The summary result includes:

{
    'success': False,
    'result': {
        'element_count': The total number of values in the column
        'unexpected_count': The total count of unexpected values in the column (also in `BASIC`)
        'unexpected_percent': The overall percent of unexpected values (also in `BASIC`)
        'unexpected_percent_nonmissing': The percent of unexpected values, excluding missing values from the denominator (also in `BASIC`)
        "partial_unexpected_list" : [A list of up to 20 values that violate the expectation] (also in `BASIC`)
        'missing_count': The number of missing values in the column
        'missing_percent': The total percent of missing values in the column
        'partial_unexpected_counts': [{A list of objects with value and counts, showing the number of times each of the unexpected values occurs}]
        'partial_unexpected_index_list': [A list of up to 20 of the indices of the unexpected values in the column]
    }
}

For example:

{
    'success': False,
    'result': {
        'element_count': 36,
        'unexpected_count': 6,
        'unexpected_percent': 0.16666666666666666,
        'unexpected_percent_nonmissing': 0.16666666666666666,
        'missing_count': 0,
        'missing_percent': 0.0,
        'partial_unexpected_counts': [{'value': 'A', 'count': 1}, {'value': 'E', 'count': 5}],
        'partial_unexpected_index_list': [0, 10, 11, 12, 13, 14],
        'partial_unexpected_list': ['A', 'E', 'E', 'E', 'E', 'E']
    }
}

column_aggregate_expectation computes a single aggregate value for the column, and so returns a observed_value to justify the expectation result.

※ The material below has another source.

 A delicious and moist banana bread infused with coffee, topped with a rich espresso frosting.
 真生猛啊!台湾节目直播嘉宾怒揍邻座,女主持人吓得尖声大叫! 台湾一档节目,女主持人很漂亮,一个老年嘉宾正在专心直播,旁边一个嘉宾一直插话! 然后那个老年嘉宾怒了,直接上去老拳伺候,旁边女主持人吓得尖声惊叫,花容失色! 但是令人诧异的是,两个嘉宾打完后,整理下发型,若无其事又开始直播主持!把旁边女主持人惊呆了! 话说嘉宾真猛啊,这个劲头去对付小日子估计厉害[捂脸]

It also includes additional information regarding observed values and counts, depending on the specific expectation.

The summary result includes:

{
    'success': False,
    'result': {
        'observed_value': The aggregate statistic computed for the column (also in `BASIC`)
        'element_count': The total number of values in the column
        'missing_count':  The number of missing values in the column
        'missing_percent': The total percent of missing values in the column
        'details': {<expectation-specific result justification fields>}
    }
}

For example:

[1, 1, 2, 2, NaN]

expect_column_mean_to_be_between

{
    "success" : Boolean,
    "result" : {
        "observed_value" : 1.5,
        'element_count': 5,
        'missing_count: 1,
        'missing_percent: 0.2
    }
}

Behavior for COMPLETE

A result is generated with all available justification for why an expectation was met or not. The format is intended for debugging pipelines or developing detailed regression tests.

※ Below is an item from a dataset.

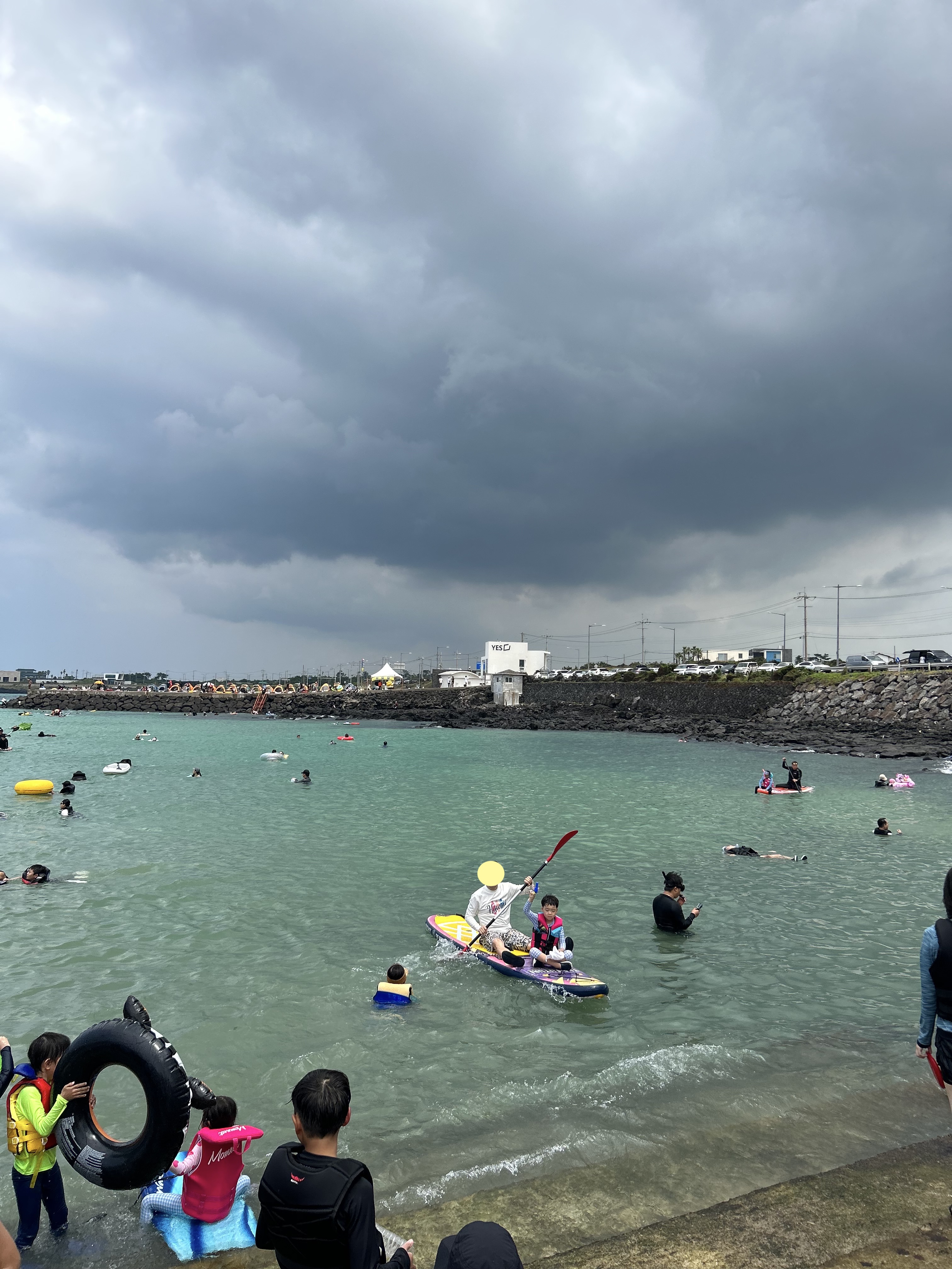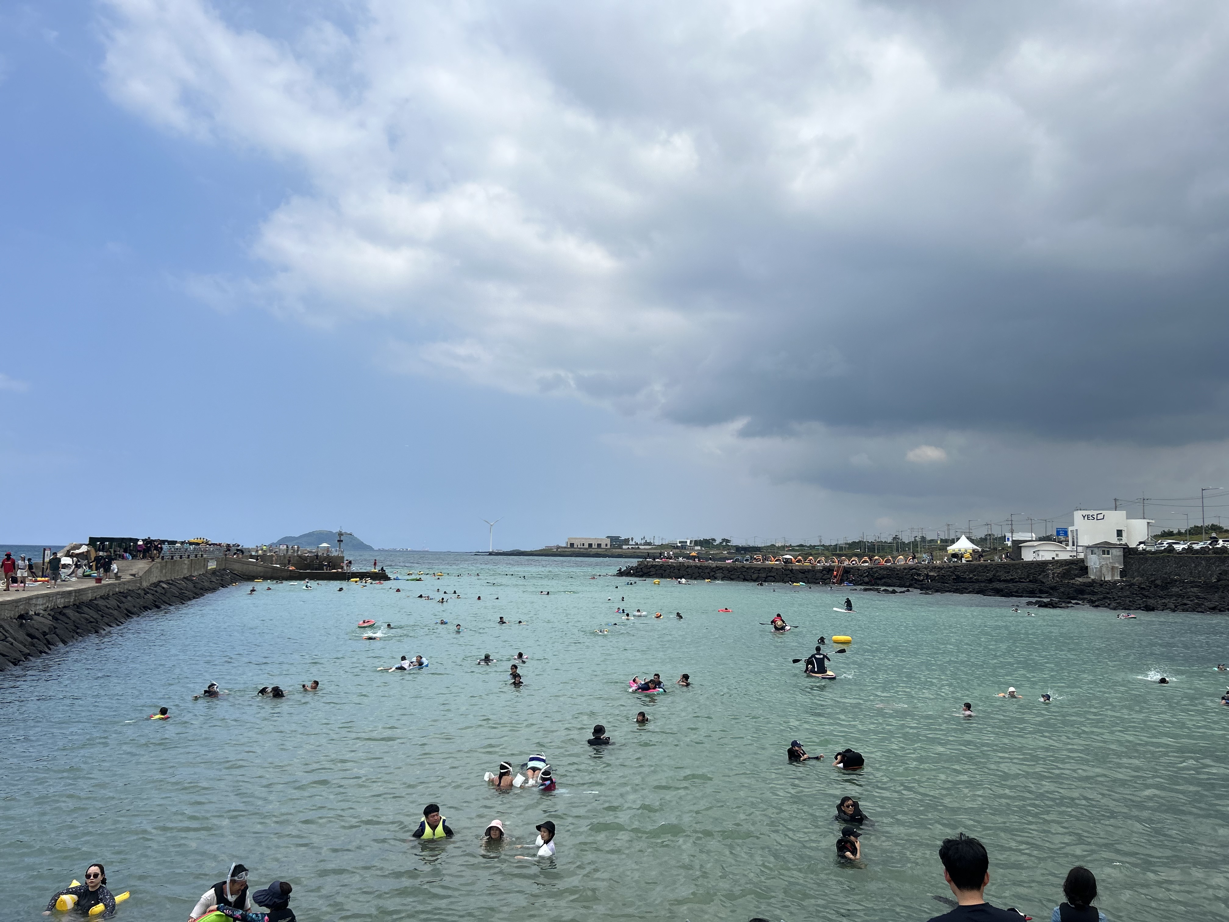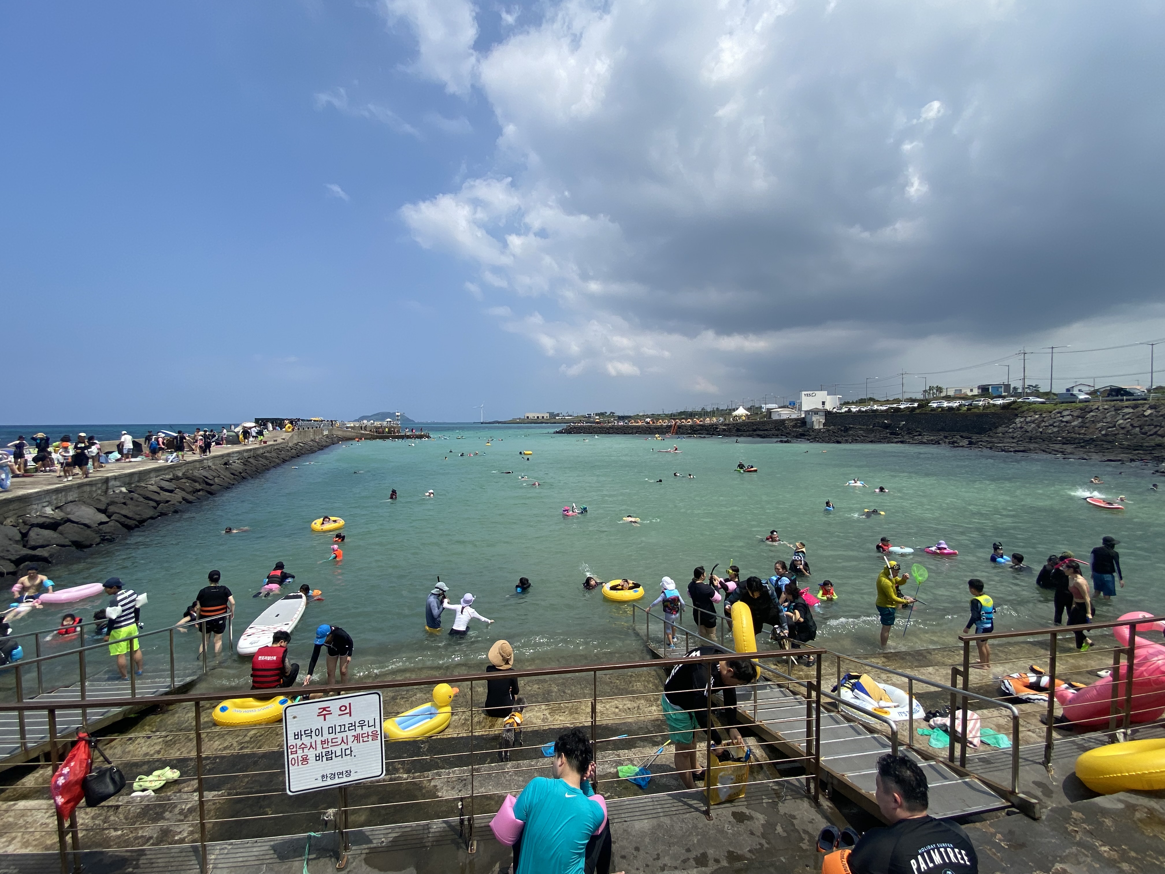 판포포구 바로 도착했을 땐 저 우측에 먹구름들이 거의 없었을 때라 포구에 사람들이 많았어도 물이 사파이어 색깔이 또렷하게 보여 무척 이뻤었는데 이것저것 챙겨서 물놀이하려는 타이밍에는 언제 저렇게 먹구름이 몰려왔던지 사진으로만 봐왔던 판포포구의 물빛은 볼 수가 없었습니다. 아마도 오전에 일찍 왔더라면 때깔 쥐기는 바다 빛을 볼 수 있었겠죠? 방파제 쪽 끝에는 도착 당시 물 수심이 제법 있던지 다이빙하는 사람들로 가득하더군요.

Great Expectations has standard behavior for support for describing the results of column_map_expectation and column_aggregate_expectation expectations.

column_map_expectation applies a boolean test function to each element within a column, and so returns a list of unexpected values to justify the expectation result.

The complete result includes:

{
    'success': False,
    'result': {
        "unexpected_list" : [A list of all values that violate the expectation]
        'unexpected_index_list': [A list of the indices of the unexpected values in the column]
        'element_count': The total number of values in the column (also in `SUMMARY`)
        'unexpected_count': The total count of unexpected values in the column (also in `SUMMARY`)
        'unexpected_percent': The overall percent of unexpected values (also in `SUMMARY`)
        'unexpected_percent_nonmissing': The percent of unexpected values, excluding missing values from the denominator (also in `SUMMARY`)
        'missing_count': The number of missing values in the column  (also in `SUMMARY`)
        'missing_percent': The total percent of missing values in the column  (also in `SUMMARY`)
    }
}

For example:

{
    'success': False,
    'result': {
        'element_count': 36,
        'unexpected_count': 6,
        'unexpected_percent': 0.16666666666666666,
        'unexpected_percent_nonmissing': 0.16666666666666666,
        'missing_count': 0,
        'missing_percent': 0.0,
        'unexpected_index_list': [0, 10, 11, 12, 13, 14],
        'unexpected_list': ['A', 'E', 'E', 'E', 'E', 'E']
    }
}

column_aggregate_expectation computes a single aggregate value for the column, and so returns a observed_value to justify the expectation result. It also includes additional information regarding observed values and counts, depending on the specific expectation.

The complete result includes:

{
    'success': False,
    'result': {
        'observed_value': The aggregate statistic computed for the column (also in `SUMMARY`)
        'element_count': The total number of values in the column (also in `SUMMARY`)
        'missing_count':  The number of missing values in the column (also in `SUMMARY`)
        'missing_percent': The total percent of missing values in the column (also in `SUMMARY`)
        'details': {<expectation-specific result justification fields, which may be more detailed than in `SUMMARY`>}
    }
}

For example:

[1, 1, 2, 2, NaN]

expect_column_mean_to_be_between

{
    "success" : Boolean,
    "result" : {
        "observed_value" : 1.5,
        'element_count': 5,
        'missing_count: 1,
        'missing_percent: 0.2
    }
}